[Source data Boundary: Start]
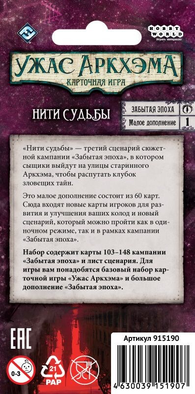 Настольная игра: Ужас Аркхэма. Карточная игра: Забытая эпоха. Нити судьбы
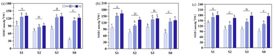Effects of different soil amendments and different nitrogen sources on superoxide dismutase (SOD) activities at different growth stages under salt stress. Notes: SOD: (a) represents the mid-tillering stage, (b) represents the panicle initiation stage, and (c) represents the heading stage. N1: ordinary urea, N2: slow-release urea, N0: no nitrogen fertilizer; S1: zeolite amendment, S2: coconut coir amendment, S3: humic acid amendment, S0: no amendment. Different lowercase letters indicate significant differences between different nitrogen fertilizers for the same soil amendment, and different uppercase letters indicate significant differences between different soil amendments for the same nitrogen fertilizer.
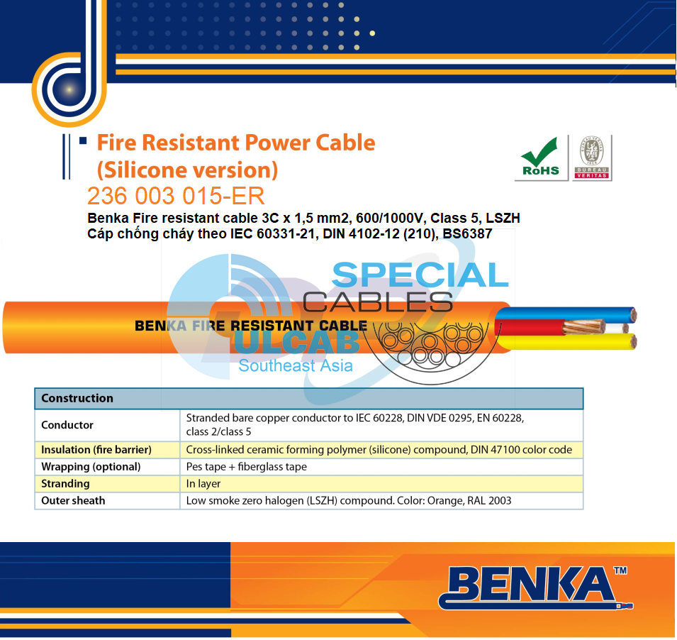 “236 003 015-ER” Cáp Chống Cháy Benka 3C x 1.5 mm2 Cu/Silicon/LSZH, Orange, 500m | Chống Cháy – Chính Hãng – Giá Tốt Nhất
[Source data Boundary: End]
(Activity) Retype all of the listing above exactly, but keep its pictures out.

(The answer)
 Настольная игра: Ужас Аркхэма. Карточная игра: Забытая эпоха. Нити судьбы
Effects of different soil amendments and different nitrogen sources on superoxide dismutase (SOD) activities at different growth stages under salt stress. Notes: SOD: (a) represents the mid-tillering stage, (b) represents the panicle initiation stage, and (c) represents the heading stage. N1: ordinary urea, N2: slow-release urea, N0: no nitrogen fertilizer; S1: zeolite amendment, S2: coconut coir amendment, S3: humic acid amendment, S0: no amendment. Different lowercase letters indicate significant differences between different nitrogen fertilizers for the same soil amendment, and different uppercase letters indicate significant differences between different soil amendments for the same nitrogen fertilizer.
 “236 003 015-ER” Cáp Chống Cháy Benka 3C x 1.5 mm2 Cu/Silicon/LSZH, Orange, 500m | Chống Cháy – Chính Hãng – Giá Tốt Nhất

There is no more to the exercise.